Of the following transitions in the Bohr hydrogen atom, which of the following results in the emission of the lowest-energy photon.
Question 2 options:
a) n = 1 to n = 6
b) n = 5 to n = 1
c) n = 6 to n = 1
d) n = 3 to n = 5
e) n = 1 to n = 5
The energy of a photon emitted during a transition in the Bohr hydrogen atom is given by the equation:
E = -13.6 eV * (1/n_i^2 - 1/n_f^2)
Where n_i is the initial energy level and n_f is the final energy level. The higher the energy level, the lower the energy of the photon emitted.
In this case, we need to find the transition that results in the emission of the lowest-energy photon.
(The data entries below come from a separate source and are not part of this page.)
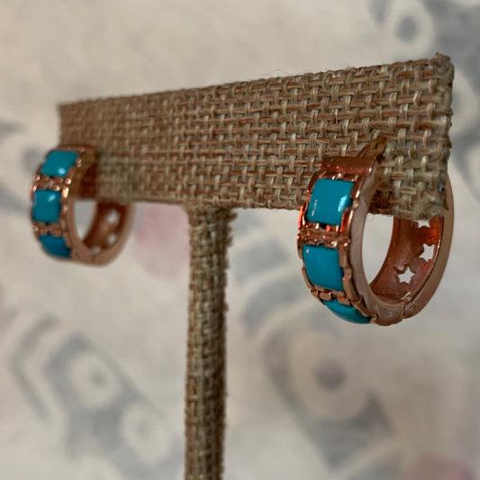 A pair of turquoise hoop earrings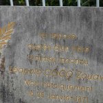 Après avoir contourné l'enceinte du château , nous sommes passés devant le rucher un peu spécial et le champ de cyclamens pour arriver à la tour du Zouave Coco. Quelques photographies plus tard, nous avons repris la route pour descendre dans les vignes et revenir à Montigny lès Arsures pour nous recueillir sur la tombe de Léopold Coco.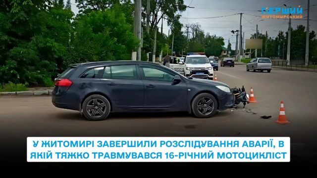 У Житомирі завершили досудове розслідування дорожньо-транспортної пригоди, яка сталася 13 червня у мікрорайоні Крошня. Тоді водій легковика зіткнувся з мотоциклом, унаслідок чого тяжкі травми отримав 16-річний керманич двоколісника.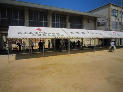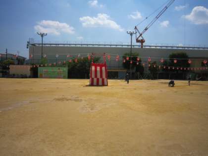 午前中のうちに、やぐらもテントもたくさんの方の協力のもと、立派に立ち上がりました。後はお店がオープンし、楽しいゲームコーナーなどができるといよいよ本番ですね。準備はできているので、後はたくさんの人に喜んでくださるのを、今から楽しみにしています。ぜひ、お越しください。

Using the given options, we can calculate the energies of the photons emitted:
a) n = 1 to n = 6:
E = -13.6 eV * (1/1^2 - 1/6^2) = -13.6 eV * (1 - 1/36) = -13.2 eV
b) n = 5 to n = 1:
E = -13.6 eV * (1/5^2 - 1/1^2) = -13.6 eV * (1/25 - 1) = 10.88 eV
c) n = 6 to n = 1:
E = -13.6 eV * (1/6^2 - 1/1^2) = -13.6 eV * (1/36 - 1) = 12.067 eV
d) n = 3 to n = 5:
E = -13.6 eV * (1/3^2 - 1/5^2) = -13.6 eV * (1/9 - 1/25) = -2.533 eV
e) n = 1 to n = 5:
E = -13.6 eV * (1/1^2 - 1/5^2) = -13.6 eV * (1 - 1/25) = -12.944 eV
Based on these calculations, option b) (n = 5 to n = 1) results in the emission of the lowest-energy photon (-10.88 eV).
To determine which transition results in the emission of the lowest-energy photon in a Bohr hydrogen atom, we need to consider the energy levels of the different transitions.
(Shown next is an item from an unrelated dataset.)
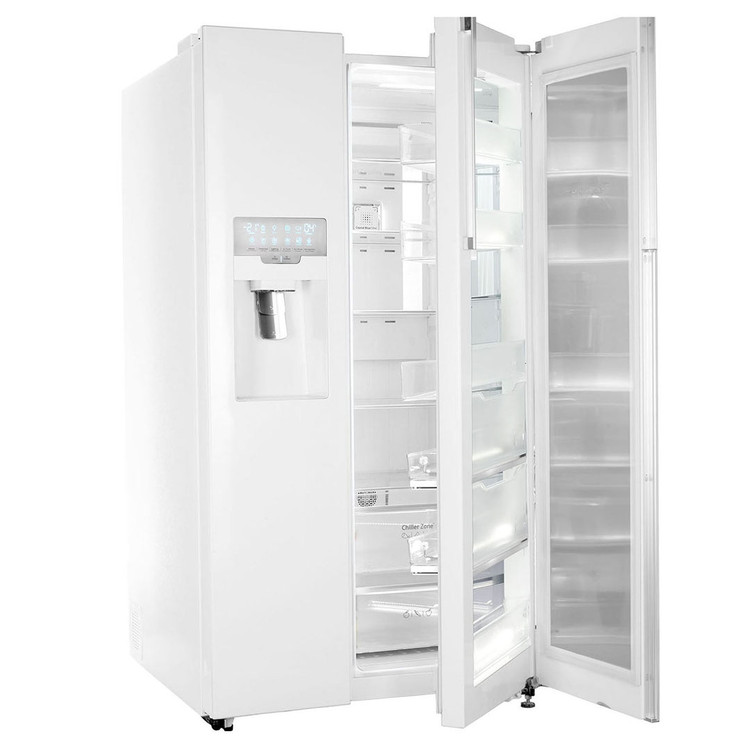 ساید بای ساید اسنوا مدل SN8-3035GW به رنگ سفید متالیک، دارای ۳ درب، مجهز به سیستم آبریز، در ابعاد ۹۲ × ۹۱ × ۱۸۱ (سانتی متر) و گنجایش ۷۷۱ لیتری (۳۵ فوتی) مناسب خانواده های پر جمعیت می باشد.

The energy of a photon emitted during a transition in the Bohr hydrogen atom is given by the formula:
E = (Rh) * (1/nf^2 - 1/ni^2)
Where E is the energy of the photon, Rh is the Rydberg constant, and nf and ni are the final and initial energy levels, respectively.
Since we are comparing the emissions, we can ignore the negative sign and focus on the denominator of the formula. The larger the denominator, the lower the energy of the emitted photon.
Now let's evaluate the given options:
a) n = 1 to n = 6
For this transition, the denominator is 1/6^2 - 1/1^2 = 1/36 - 1 = -35/36
b) n = 5 to n = 1
The denominator in this case is 1/1^2 - 1/5^2 = 1 - 1/25 = 24/25
c) n = 6 to n = 1
The denominator for this transition is 1/1^2 - 1/6^2 = 1 - 1/36 = 35/36
d) n = 3 to n = 5
Here, the denominator is 1/5^2 - 1/3^2 = 1/25 - 1/9 = 4/225
e) n = 1 to n = 5
For this transition, the denominator is 1/5^2 - 1/1^2 = 1/25 - 1 = -24/25
Comparing the denominators, we can see that the option with the largest denominator is option (d) n = 3 to n = 5. Therefore, this transition results in the emission of the lowest-energy photon.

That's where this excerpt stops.